_Available data_.
★ ★ ★ ★ ★ ★ ★

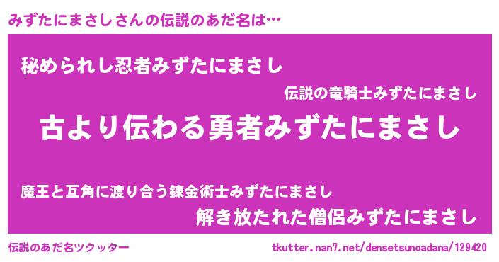 | 意味不明あだ名 | 『永久保存みずたにまさし』 |
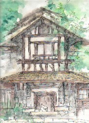 松坂屋を創業した伊藤家の15代目次郎左衛門祐民の別荘・揚輝荘内にある山荘風の洋館。 緑に囲まれた玄関には、美しい装飾のある枠に重厚な一木から作られた扉がはまっています。 所有者である伊藤家の好意で、いろいろな催しに公開される機会のある機会のあるこの建物で、私は多くの出会いを持つことができました。 なんとか残ってほしいものだと祈っています。
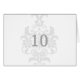 Simple with chic elegance describes this sophisticated Subtle Damask Wedding Table Number Card with a light gray damask flourish background. This classy table card is perfect for a traditional wedding and can be easily customized with a table number(s) or your wedding details. For more customization options, click on the Customize It button.
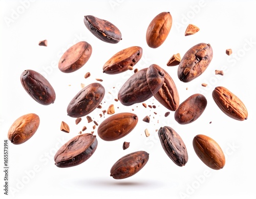 A scattering of raw cocoa beans on a white surface.

★ ★ ★ ★ ★ ★ ★

_How to complete this task_.
Write out the material above once more, word for word. Images stay out.

_Solved exercise_.
 | 意味不明あだ名 | 『永久保存みずたにまさし』 |
 松坂屋を創業した伊藤家の15代目次郎左衛門祐民の別荘・揚輝荘内にある山荘風の洋館。 緑に囲まれた玄関には、美しい装飾のある枠に重厚な一木から作られた扉がはまっています。 所有者である伊藤家の好意で、いろいろな催しに公開される機会のある機会のあるこの建物で、私は多くの出会いを持つことができました。 なんとか残ってほしいものだと祈っています。
 Simple with chic elegance describes this sophisticated Subtle Damask Wedding Table Number Card with a light gray damask flourish background. This classy table card is perfect for a traditional wedding and can be easily customized with a table number(s) or your wedding details. For more customization options, click on the Customize It button.
 A scattering of raw cocoa beans on a white surface.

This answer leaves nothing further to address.